BIOL 3051 Lecture Notes - Lecture 14: Liniment, Rheumatoid Arthritis, Diclofenac
Document Summary
Primary oa is idiopathic & seen in elderly. Secondary oa is due to trauma to joint, rheumatoid arthritis, gout, congenital abnormalities, hematologic genetic disorders (leukemia) Defined as biochemical & inflammatory changes w/ cartilage matrix, joint cavity & support structures. Improve muscle strength to protect cartilage, ligaments & joint capsule. Prevent & reduce damage to joint cartilage, bone, ligaments, muscle & local nerves.

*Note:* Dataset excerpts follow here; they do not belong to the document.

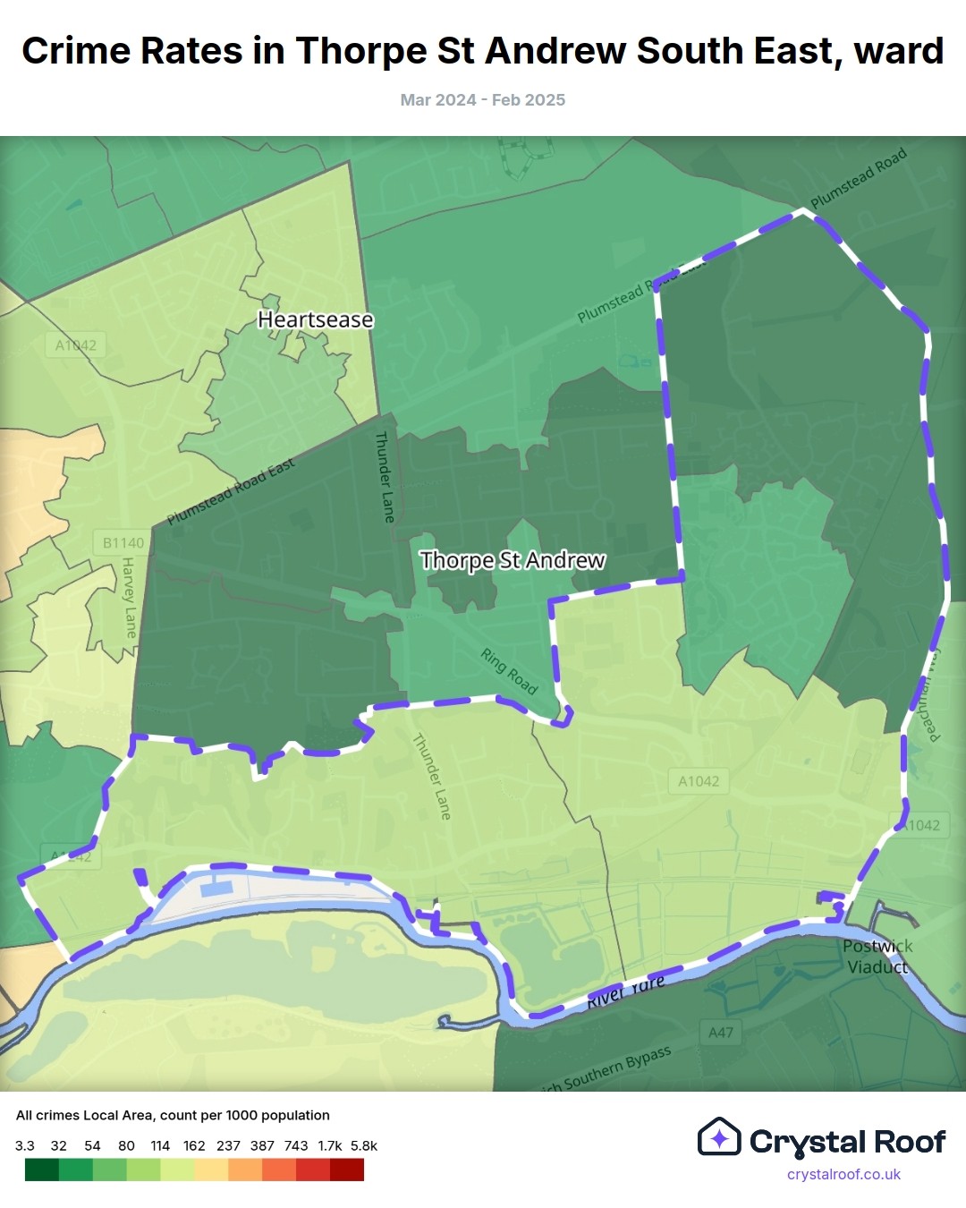 The figures in grey indicate the relative ratings of Thorpe St Andrew South East (ward) for a specific crime type compared to other wards in England and Wales.
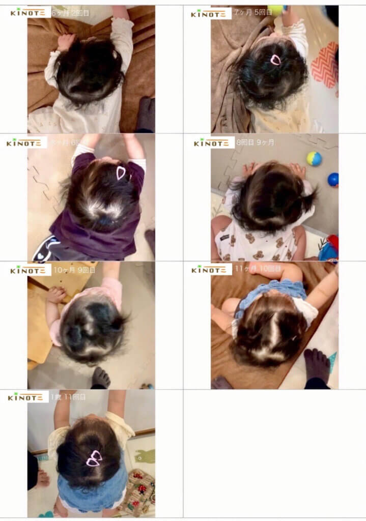 10回目あたりまでとても順調でしたが、11ヶ月に入ったあたりから長い間風邪や発熱などの体調不良が続き、寝ていることも多かったため、1歳1ケ月までの間に頭の形に左右差が表れてきました。
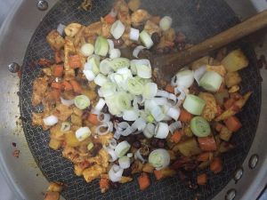 然后放入腌好的鸡丁,翻炒片刻,加入郫县豆瓣,加入大葱,糖,适量翻炒均匀,
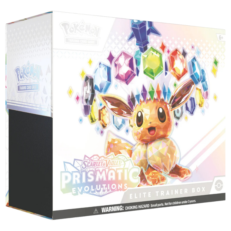 Colori astrali illuminano Eevee e i suoi amici! Manto morbido e spirito ardente, tocco glaciale e sembianze chimeriche: nel cuore degli Allenatori un posto speciale è occupato da Eevee e le sue evoluzioni, e ognuno di questi Pokémon sfoggia nuovi fantastici poteri nelle vesti di Pokémon-ex Teracristal Astrale. Scoprili e nel frattempo ricerca anche un tesoro tutto tuo tra una moltitudine di Pokémon-ex provenienti da Paldea e oltre. Gemme scintillanti e trame nascoste ti aspettano alla fine dell’arcobaleno nell’espansione Scarlatto e Violetto - Evoluzioni Prismatiche del GCC Pokémon!
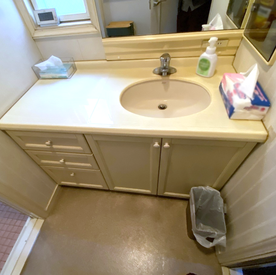 既存の洗面台は収納はあるものの、排水管が真ん中にあり収納しづらい造りでした。今回設置したオクターブスリムは、排水管を奥に配置し収納スペースを広く確保。カウンターは空間にあわせてすき間なく納めスペースをムダにせず、すっきりとした仕上がりになりました。

Blood work inflammatory markers (cbc, rheumatoid factor, est, crp) Joint fluid analysis is valuable to exclude infection. Exercise & aerobic activities reduce pain & improve function, reduce need for hip replacement. Surgery is option for serve oa of knee & hop. Topical analgesics: reduce risk of side effects, topical nsaids useful in elderly- increase risk of gi, renal, cv & other oral nsaid side effects, topical diclofenac- voltaren, pennsaid, rub a-535. Simple analgesics: first choice- acetaminophen b/c low risk of side effects but provide minimal relieve, max dose is 4g.